Can you elaborate more on what you meAn by “creating clean data models”?

iblaine6y ago

Using Inmon or Kimball's approach to modeling data structures is clean. The thing with modeling data is there's no one right way but there are many wrong ways.

threeseed6y ago· 2 in thread

Just a slight conflict of interest having a company that makes SQL-based data modelling tools telling us that SQL-based data modelling in on the rise.

But given how many companies have setup data lakes with unstructured and semi-structured data (think SaaS exports) and how SQL layers have largely been unimpressive not sure it's the case.

tkyjonathan6y ago

And a lot of those lakes remain untouched for years..

EdwardDiego6y ago

It's not too far from datalake to dataswamp.

oneofthose6y ago· 1 in thread

DBT (data build tool) [0] embraces this idea - it's like make for data transformation. Just like make its syntax is sub-optimal. But that's the only draw-back. There is an open source version, it generates documentation automatically, you can materialize tables on a schedule, it allows you to write unit tests for your data ("this select must return 0 rows" kind of tests). I'm not affiliated with them, just happy user.

[0] https://www.getdbt.com/

mmeasic6y ago

Yes, that was my first thought when I opened the article. dbt is amazing and basically converts your SELECT statements to CREATE TABLE statements.

I guess they target both EL from the ELT, while dbt relies on data being in your data warehouse.

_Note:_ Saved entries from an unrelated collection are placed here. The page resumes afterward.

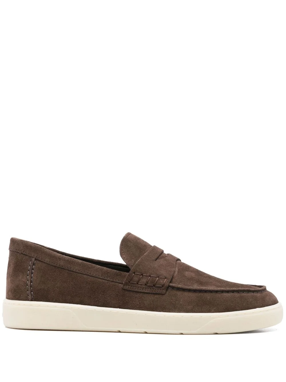 suede loafers Highlights - Chocolate brown - Rubber sole - Penny slot - Moc stitching Imported Composition Lining: Calf Leather 100% Outer: Calf Suede 100% Sole: Rubber 100%
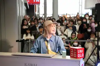 ハラミちゃんが神戸でサプライズ演奏 29(肉)の日開店の「ユニクロ 神戸三宮店」アピール
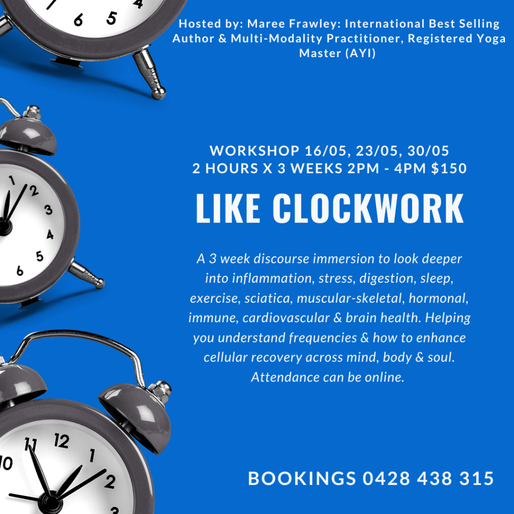 This 3 week discourse immersion will look deeper into inflammation, stress, digestion, sleep, exercise, sciatica, muscular-skeletal, hormonal, immune, cardiovascular and brain health. Helping you with understanding of the electrics, frequencies and how to enhance cellular recovery across mind, body & soul… so not much Tuesday 2pm-4pm. May 16th, 23rd, 30th $150. Attendance can be via Zoom, in the room or replay afterwards. Recordings available for all participants. To book click here.
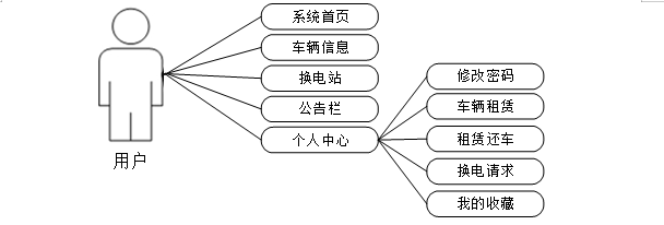 (3) 用户可以对修改密码、车辆租赁、租赁还车、换电请求、我的收藏进行操作,用例分析如图3-3所示。
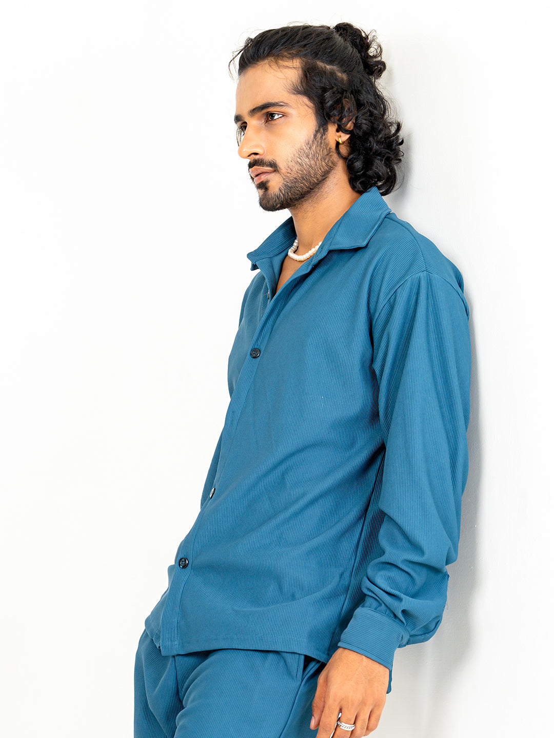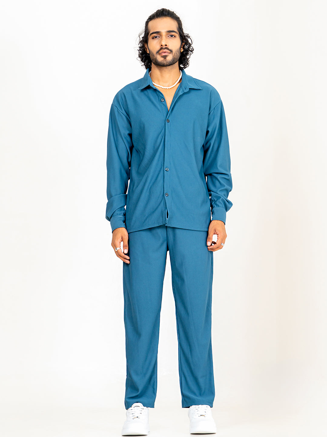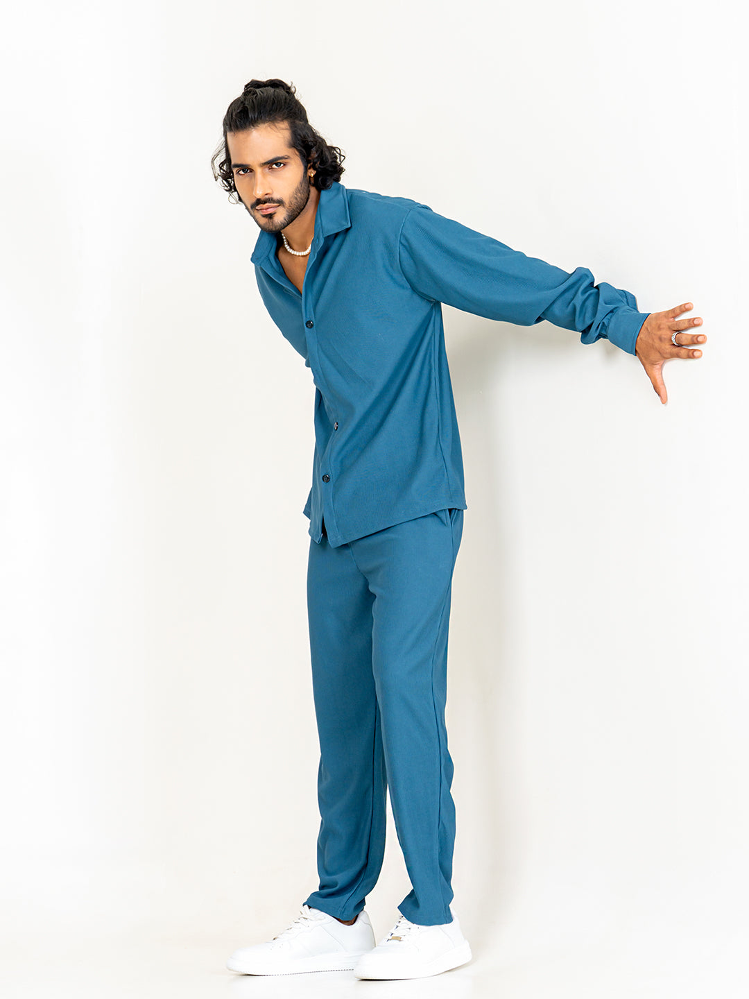 This Teal Blue Co-ord Set, made from soft, textured corduroy, combines style and comfort. Perfect for a coordinated look, the full-sleeve shirt and matching pants create an effortlessly stylish outfit.
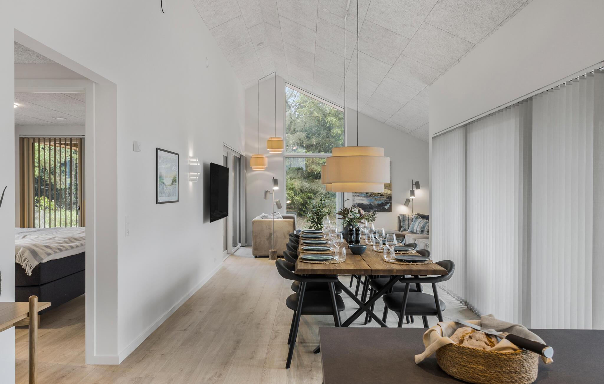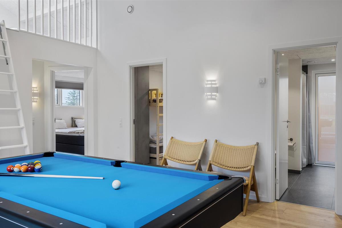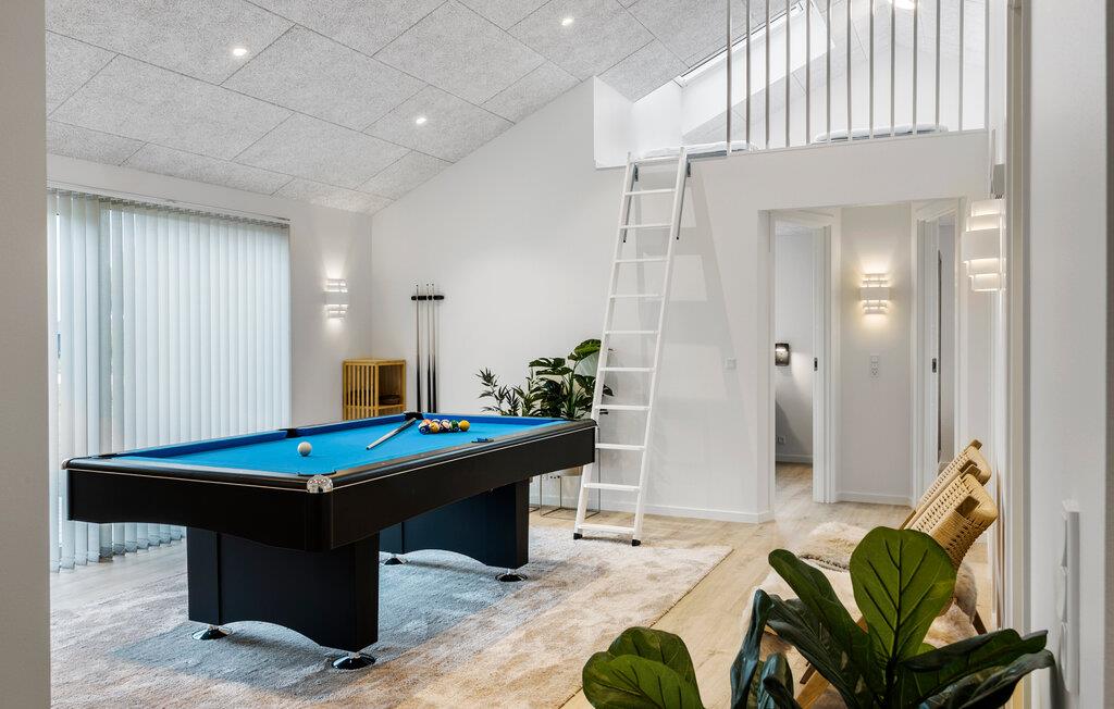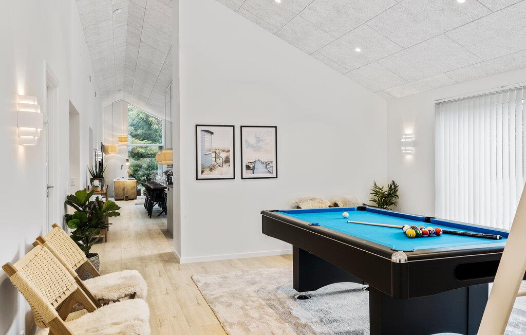Dit luxueus ingerichte en onder architectuur gebouwde zomerhuis biedt je volop ruimte om met een grotere familie of vriendengroep te genieten van het stijlvolle interieur en de moderne extra's. Verheug je op gezellige maaltijden aan de gezellig verlichte eettafel, daag jezelf uit aan de pooltafel, kom samen voor ontspannen filmavonden in de knusse woonkamer of praat tot diep in de nacht bij onder het genot van een glas wijn.
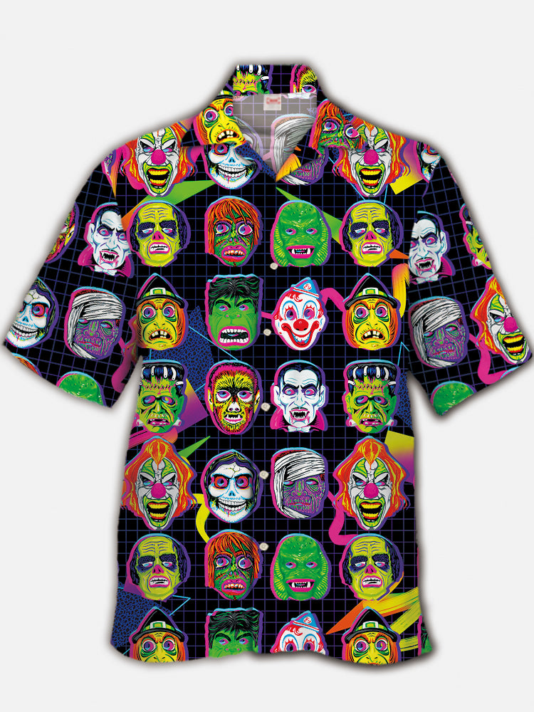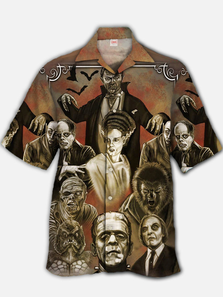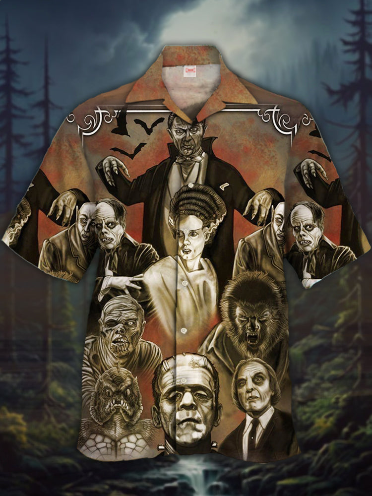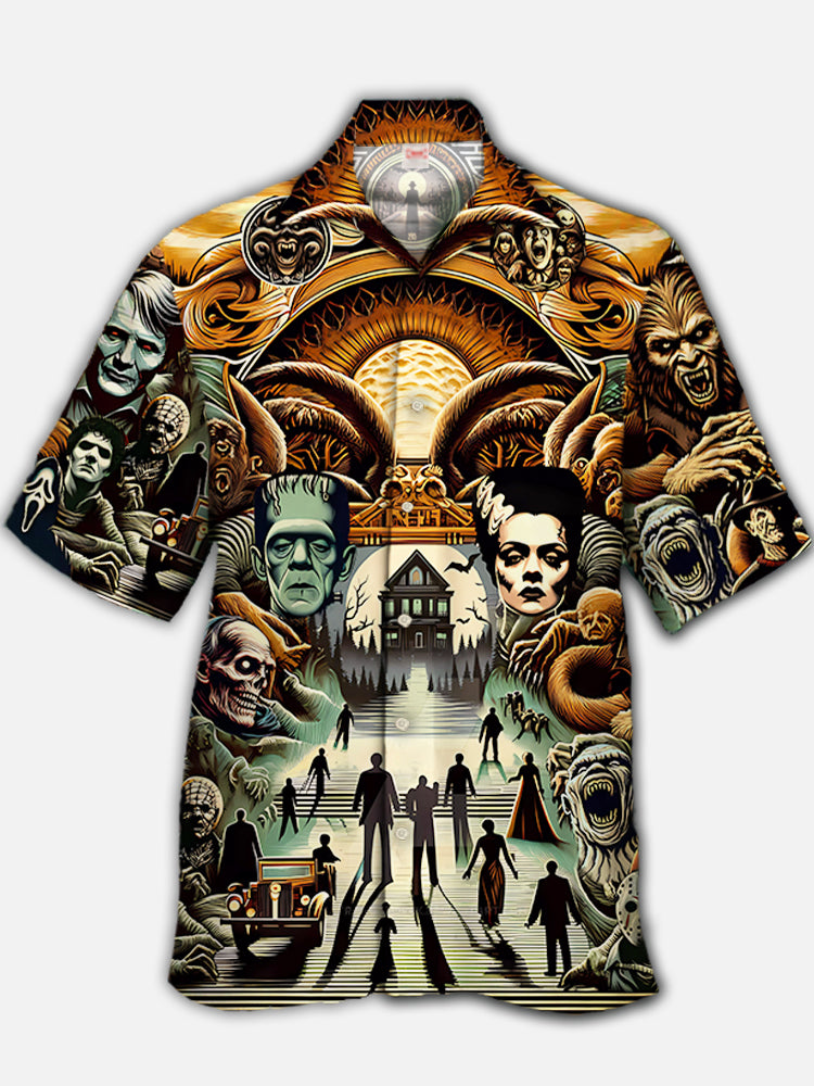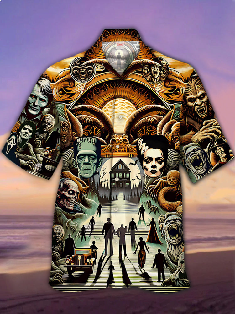 Eye-Catching Retro Classic Horror Characters Halloween Printing Cuban Collar Hawaiian Short Sleeve Shirt
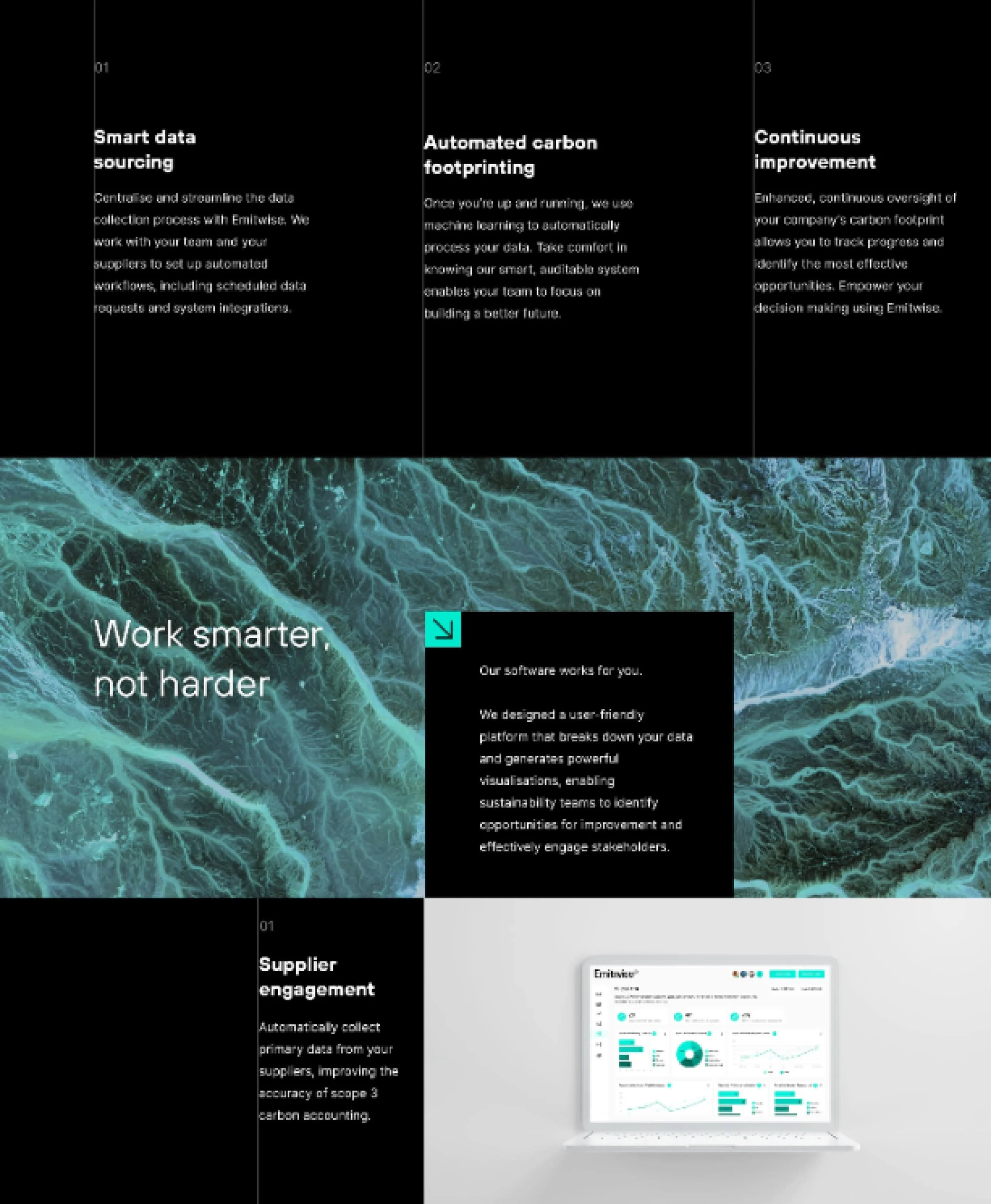 Emitwise is a carbon emissions management platform who needed a fresh brand and interactive design to stand out from the ever-crowded carbon emissions b2b landscape. Our improved brand and online presence helped establish them as a stronger player in the carbon-emissions space, and assisted in subsequent successful funding rounds.
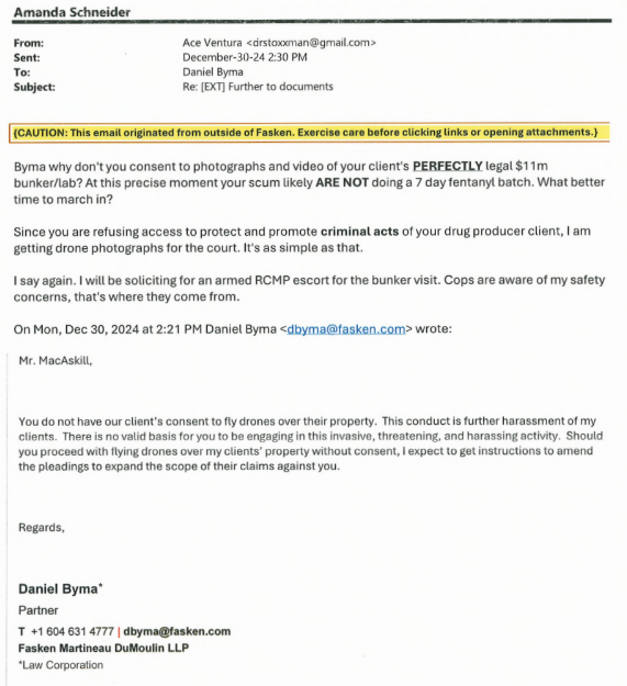This blogger had semi brilliant ideas to get at the truth of the Sandher drug lab buried on Black Mountain in Kelowna. Two ideas were floated to corrupt Fasken lawyer Daniel Byma. One was an in-person visit accompanied by armed cops. The second was considerably safer drone flights over the bunker. For obvious reasons Fasken (now Supreme Court of Canada knob) lawyer Daniel Byma was strongly opposed to any exposure of the Sandher drug lab on Black Mountain.
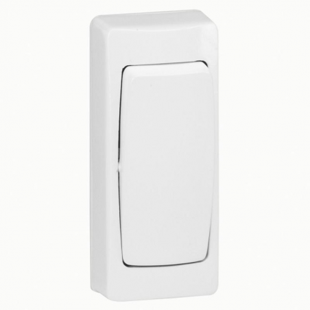 Description: Oteo compact interrupteur deux directions - 10 A - 250 V - complet - blanc RAL 9010 - IP 2x protégé contre les contacts directs - livré bornes ouvertes

__ian__6y ago· 1 in thread

BigQuery is good. Looker is OK. This reads like paid-for PR content.

keanzu6y ago

It's a blog page on holistics.io so it is paid-for PR content. Or a blogvert.

sashavingardt26y ago· 1 in thread

This article was written by yet another kid a few years out of college who doesn't know the history, the tooling and thinks he and his teammates are providing a solution to an existing problem. What he doesn't realize is that SQL reusability and data modeling have been solved 20 years ago.

jszymborski6y ago

Have you seen their tool? Without having used it, it looks pretty slick. I think you're being a little too dismissive, considering "It's All Been Done Before(TM)" and that they seem to be building a rather nice UI for BI... a business with multiple players all making a pretty penny.

IpV86y ago· 1 in thread

I'm surprised to see only a cursory mention of Snowflake in this article. In my experience, they are really the pioneers of the new distributed, cloud-first database. They really enabled large scale relational data warehouses, and are still miles ahead of even the big cloud players.

edmundsauto6y ago

What is it you like about them? IIRC, their base plan starts at $1500/mo, so it's a high end offering that I haven't played with too much.

sixdimensional6y ago

It’s a little bit off topic, but the tone of this discussion brings up an interesting conversation I’ve been having with some of my colleagues in the same age group - a perceived skills gap between the newest developers and ourselves.

I don’t mean that in a negative way. I mean it in the sense that many of the newest developers don’t know where their cloud based NoSQL database came from (for example). They never were taught the history of what came before, during and after RDBMS. They are only now rediscovering some of what the “old” tools could do.

Many of these developers seem eager to learn, and I am happy to mentor them and teach them the history that I know.

But it has surprised me, it almost feels a little like so many years of waves of marketing and hype maybe actually had a real detriment to teaching people what is real, what is the best tool for the job in different cases, etc.

I have no real evidence other than my anecdotal experience, but this article lends credence to the argument that some never learned or never were given the time to understand the discipline of databases.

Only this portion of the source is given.